These are rough notes and do not reflect the quality and content of the workshop that was delivered.
I highly encourage anyone that stumbles upon this repo to take the full [Ultimate Go](https://www.ardanlabs.com/ultimate-go).
## Table of contents
- [Ultimate Go](#ultimate-go)
- [Disclaimer](#disclaimer)
- [Table of contents](#table-of-contents)
- [Performance Focus factors](#performance-focus-factors)
- [Language Mechanics](#language-mechanics)
- [Memory structure](#memory-structure)
- [Goroutines (Coroutines really, G is for Go)](#goroutines-coroutines-really--g-is-for-go)
- [Value semantics](#value-semantics)
- [Pros](#pros)
- [Cons](#cons)
- [Pointer semantics](#pointer-semantics)
- [Pros](#pros)
- [Cons](#cons)
- [Mechanics](#mechanics)
- [Good](#good)
- [Bad](#bad)
- [Moar about the stack](#moar-about-the-stack)
- [HEAP](#heap)
- [Data structures](#data-structures)
- [Memory structure](#memory-structure)
- [Example of multiple runs](#example-of-multiple-runs)
- [Semantics](#semantics)
- [Decoupling](#decoupling)
- [Concurrency](#concurrency)
- [Types of work by threads](#types-of-work-by-threads)
- [Switching from one thread to another](#switching-from-one-thread-to-another)
- [Go and Scheduling / Concurrency](#go-and-scheduling---concurrency)
## Performance Focus factors
1. Latency:
* I/O.
* Network.
* Timeouts.
2. Garbage collection
* Generate the right type of Garbage.
3. Accessing Data
4. Algorithm efficiency
* Machines are already very powerful, we can be less optimized today.
## Language Mechanics
* [Pointers](https://github.com/ardanlabs/gotraining/blob/master/topics/go/language/pointers/README.md)
### Memory structure
Data Segment
Stacks
Heap
### Goroutines (Coroutines really, G is for Go)

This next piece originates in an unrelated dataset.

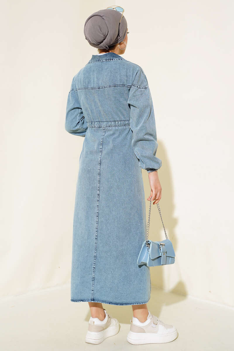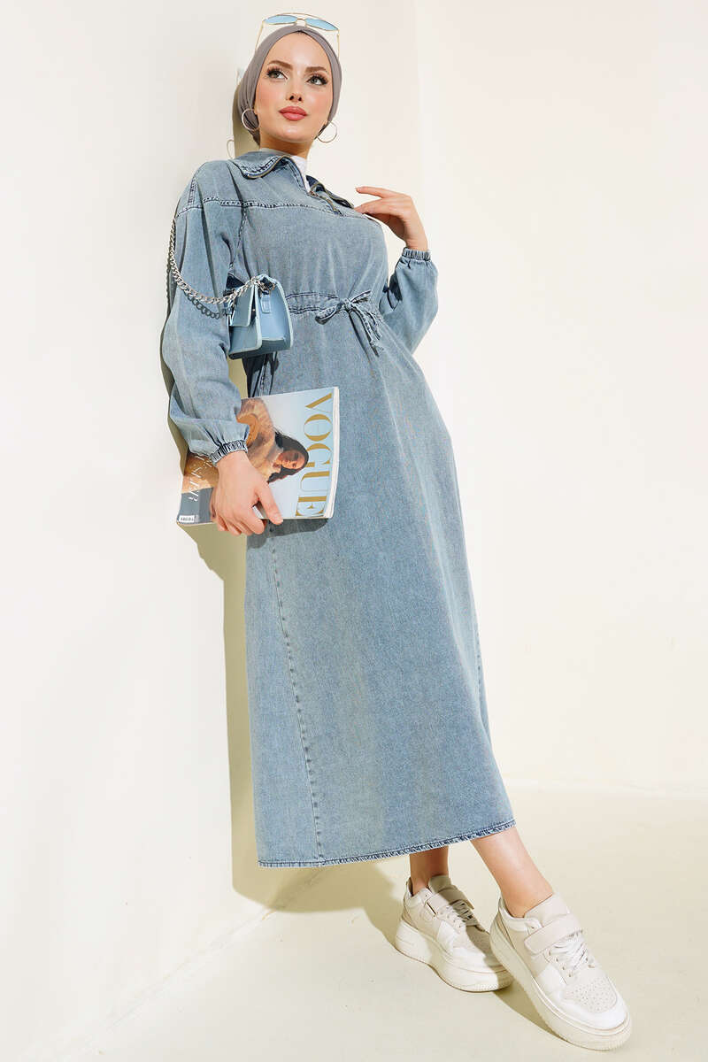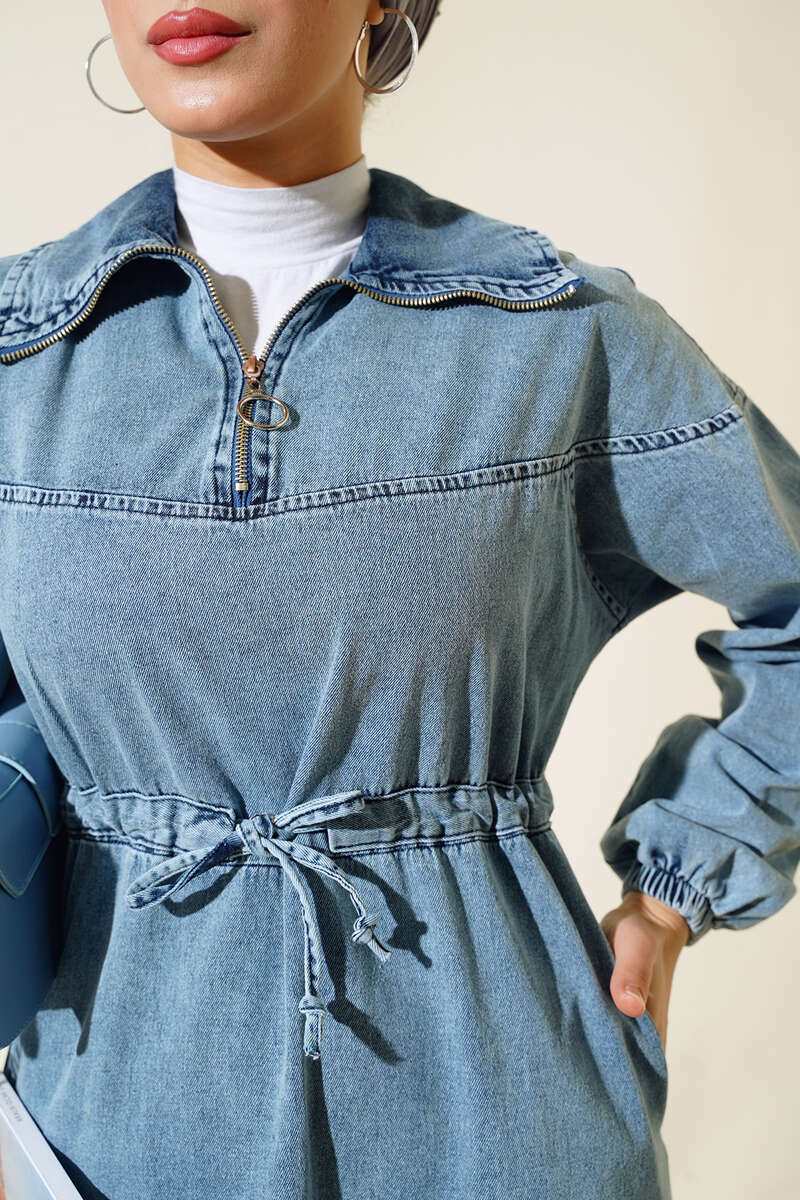 Yeni sezon kot elbise modelimiz sizlerle beraber. Elbisemizin yakası yarım fermuarlıdır. Kol bilekleri lastiklidir. Elbisemizin beli tünelli olup, ip bağcıklıdır. İki adet cebi vardır. Astarsızdır. Hem şık hem sportif tasarımlı elbisemiz tam size göre.

See: https://play.golang.org/p/JJMHWiZ9h9
Glossary:
* `AF`: Active Frame.
* `Semantics`: Behaviour.
* `Mechanics`: How it works.
* Have their own resizeable stack, starting at 2K.
* Segmentation for safety.
* Calling (executing) a function moves the AF to nother part of the stack.
Any memory below the active frame has no integrity and is stale.
// TODO: Diagram stack.
Pointers are a special variable type 4 to 8 bytes depending on the architecture.
`func increment(inc *int)` is still a pass by value, the value is the pointer address.
## Value semantics
### Pros
* Immutability.
* No side effects.
* Allocations happen on the stack (Free, sorta).
### Cons
* Efficiency (Multiple copies of the data on multiple frames).
## Pointer semantics
### Pros
* Efficiency (Easy to maintain consistency).
### Cons
* Side effects (Worsened in concurrent programs).
* Allocations on the Heap.
### Mechanics
https://play.golang.org/p/sRcPykfoi1d
Allocations are only counted for
Call func => Initialize Stack => Finish func => Switch AF => Invalidates stacks below the AF.
Go compiler performs Static code analysis:
* Escape Analysis (Any memory initialized down the stack is shared up).
Any shared variables upwards on the call stack will be **allocated** in the heap.
Avoid pointer semantics on construction unless you return it directly or construct it on the pass val.
#### Good
```go
func createUserV2() *user {
u := user{
name: "Bill",
email: "bill@ardanlabs.com",
}
println("V2", &u)
return &u
}
```
#### Bad
```go
func createUserV2() *user {
u := &user{
name: "Bill",
email: "bill@ardanlabs.com",
}
println("V2", u)
return u
}
// OR
func createUserV2() user {
u := &user{
name: "Bill",
email: "bill@ardanlabs.com",
}
println("V2", u)
return *u
}
```
**Rule of thumb: Use semantics on return to hint what kind of value you're returning**
**THIS IS SO AWESOME**
Optimizing for performance, use `-gcflags "-m -m"`: will output reasoning behind escape analysis.
Escape analysis is about moving stuff from the **Stack** to the **Heap**.
Value semantics should be the default option because **allocations hurt** (Even tho more performant).
The size of Stacks are set in stone and are known at compile time.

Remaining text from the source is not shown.